=== PROBLEM REQUIREMENTS ===
Print every record below exactly, minus the pictures.

=== SUPPLIED MATERIAL ===

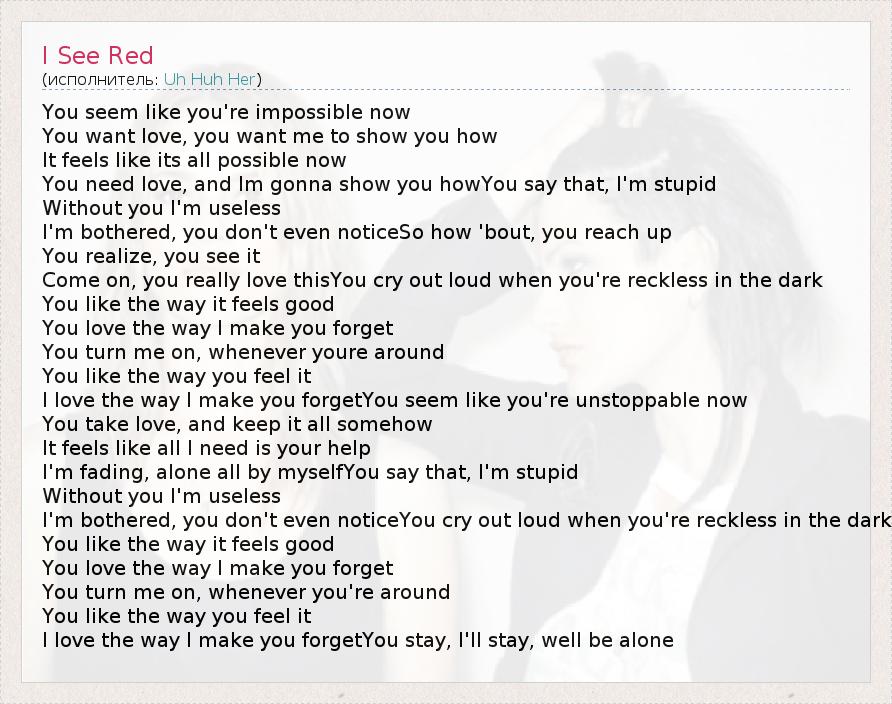 You seem like you're impossible now You want love, you want me to show you how It feels like its all possible now You need love, and Im gonna show you howYou say that, I'm stupid Without you I'm useless I'm bothered, you don't even noticeSo how 'bout, you reach up You realize, you see it Come on, you really love thisYou cry out loud when you're reckless in the dark You like the way it feels good You love the way I make you forget You turn me on, whenever youre around You like the way you feel it I love the way I make you forgetYou seem like you're unstoppable now You take love, and keep it all somehow It feels like all I need is your help I'm fading, alone all by myselfYou say that, I'm stupid Without you I'm useless I'm bothered, you don't even noticeYou cry out loud when you're reckless in the dark You like the way it feels good You love the way I make you forget You turn me on, whenever you're around You like the way you feel it I love the way I make you forgetYou stay, I'll stay, well be alone
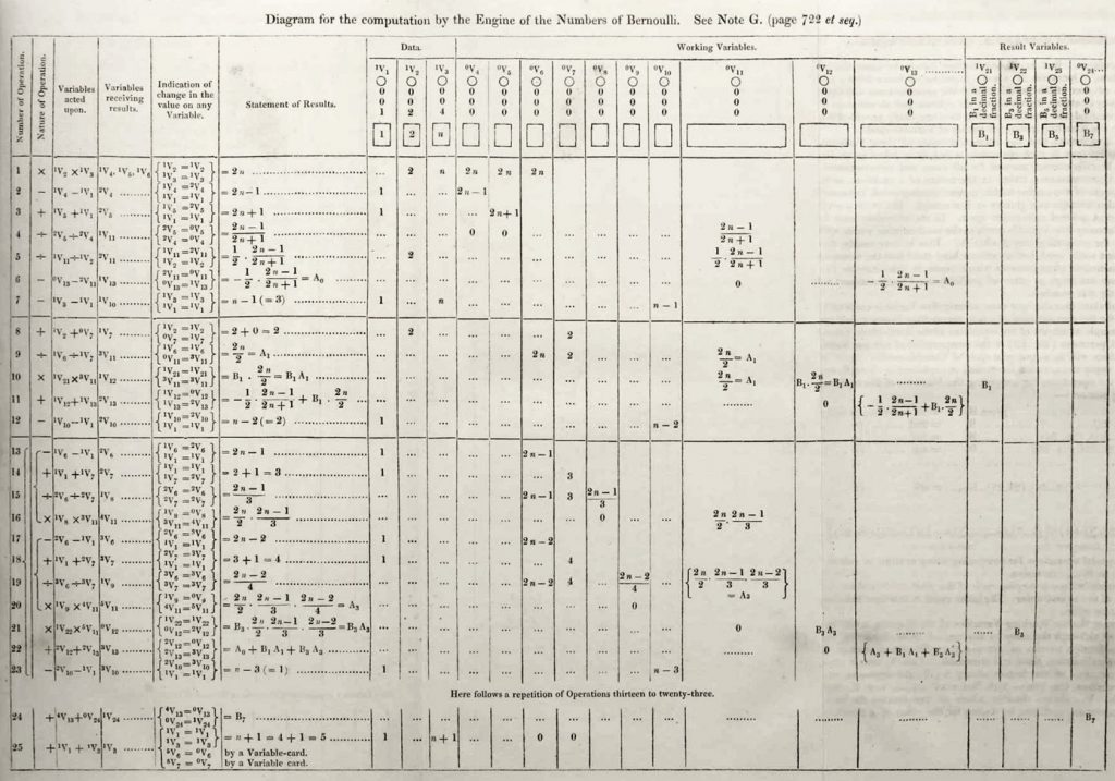 Ce n’est qu’après la publication de 1843 que Charles Babbage propose à Ada Lovelace de compléter cette première base (descriptive) par des notes et des compléments. Les deux scientifiques travaillent alors ensemble à la production de 7 notes (labélisées de A à G), bien plus volumineuses que l’article initial. La note G, décrit dans le détail un processus de calcul des nombres de Bernoulli imputable sur la calculatrice. C’est la première fois de l’Histoire que l’on décrit un algorithme dans un langage destiné à être exécuté par une machine et – de fait – le premier programme informatique.
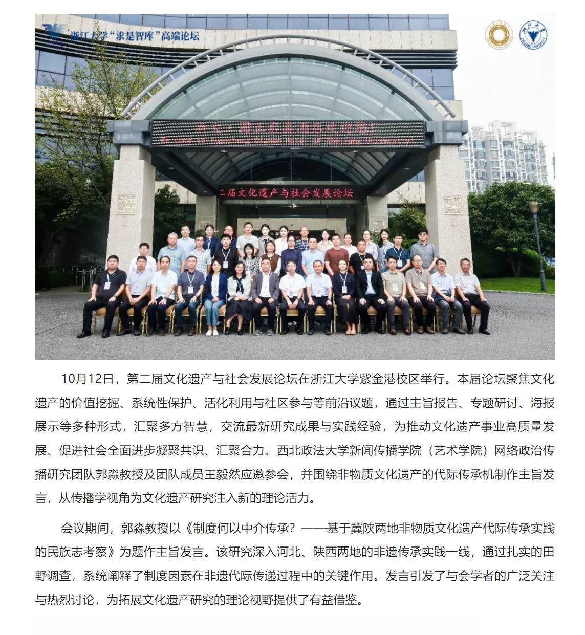 我院师生受邀参加第二届文化遗产与社会发展论坛并作主旨发言
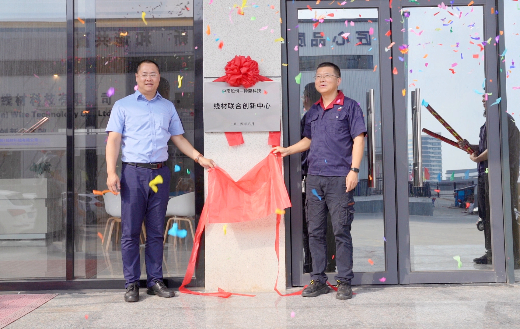 10月15日,寶武集團中南股份與仲鼎科技“線材聯合創新中心”揭牌儀式在韶關市仲鼎線材科技有限公司舉行。中南股份副總裁朱興安和仲鼎科技總經理馬仲富為聯合創新中心揭牌。
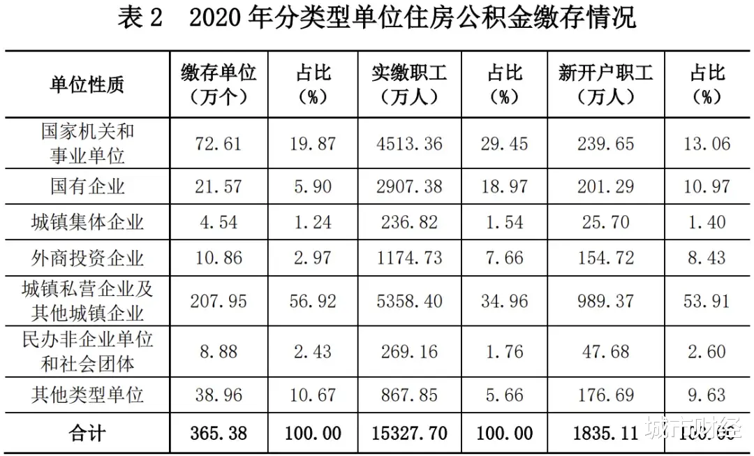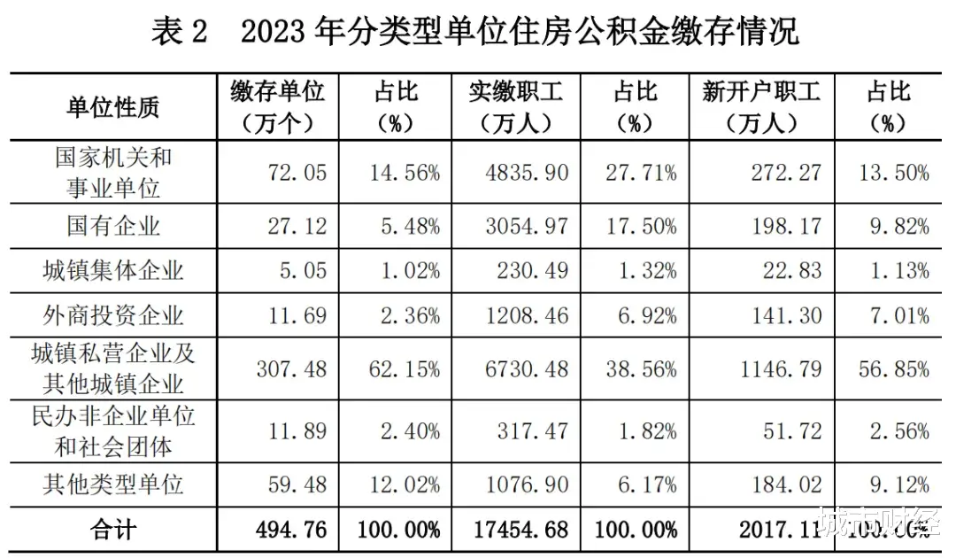 来看两张图,第一张是《全国住房公积金2023年年度报告》中披露的各单位住房公积金缴存情况,第二张则是2020年的数据。
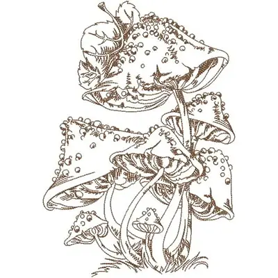 This digital machine embroidery design features intricately detailed mushrooms, showcasing various shapes and sizes with textured caps and stems. Available in all hoop sizes.
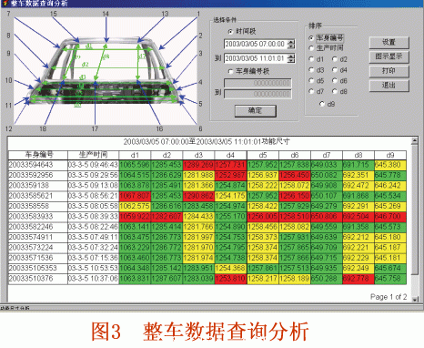 整車數據查詢是按整個車身進行查詢,反映整個車身的情況。整車數據查詢既可以按照車身的生產時間進行查詢,也可以按照車身的編號進行查詢。查詢數據的列表可以采用多種排序方式:車身編號和點號、點號和車身編號、生產時間及生產班次等。數據的顯示采用3種不同的底色來反映測量點加工誤差的大小。

=== YOUR SOLUTION ===
 You seem like you're impossible now You want love, you want me to show you how It feels like its all possible now You need love, and Im gonna show you howYou say that, I'm stupid Without you I'm useless I'm bothered, you don't even noticeSo how 'bout, you reach up You realize, you see it Come on, you really love thisYou cry out loud when you're reckless in the dark You like the way it feels good You love the way I make you forget You turn me on, whenever youre around You like the way you feel it I love the way I make you forgetYou seem like you're unstoppable now You take love, and keep it all somehow It feels like all I need is your help I'm fading, alone all by myselfYou say that, I'm stupid Without you I'm useless I'm bothered, you don't even noticeYou cry out loud when you're reckless in the dark You like the way it feels good You love the way I make you forget You turn me on, whenever you're around You like the way you feel it I love the way I make you forgetYou stay, I'll stay, well be alone
 Ce n’est qu’après la publication de 1843 que Charles Babbage propose à Ada Lovelace de compléter cette première base (descriptive) par des notes et des compléments. Les deux scientifiques travaillent alors ensemble à la production de 7 notes (labélisées de A à G), bien plus volumineuses que l’article initial. La note G, décrit dans le détail un processus de calcul des nombres de Bernoulli imputable sur la calculatrice. C’est la première fois de l’Histoire que l’on décrit un algorithme dans un langage destiné à être exécuté par une machine et – de fait – le premier programme informatique.
 我院师生受邀参加第二届文化遗产与社会发展论坛并作主旨发言
 10月15日,寶武集團中南股份與仲鼎科技“線材聯合創新中心”揭牌儀式在韶關市仲鼎線材科技有限公司舉行。中南股份副總裁朱興安和仲鼎科技總經理馬仲富為聯合創新中心揭牌。
 来看两张图,第一张是《全国住房公积金2023年年度报告》中披露的各单位住房公积金缴存情况,第二张则是2020年的数据。
 This digital machine embroidery design features intricately detailed mushrooms, showcasing various shapes and sizes with textured caps and stems. Available in all hoop sizes.
 整車數據查詢是按整個車身進行查詢,反映整個車身的情況。整車數據查詢既可以按照車身的生產時間進行查詢,也可以按照車身的編號進行查詢。查詢數據的列表可以采用多種排序方式:車身編號和點號、點號和車身編號、生產時間及生產班次等。數據的顯示采用3種不同的底色來反映測量點加工誤差的大小。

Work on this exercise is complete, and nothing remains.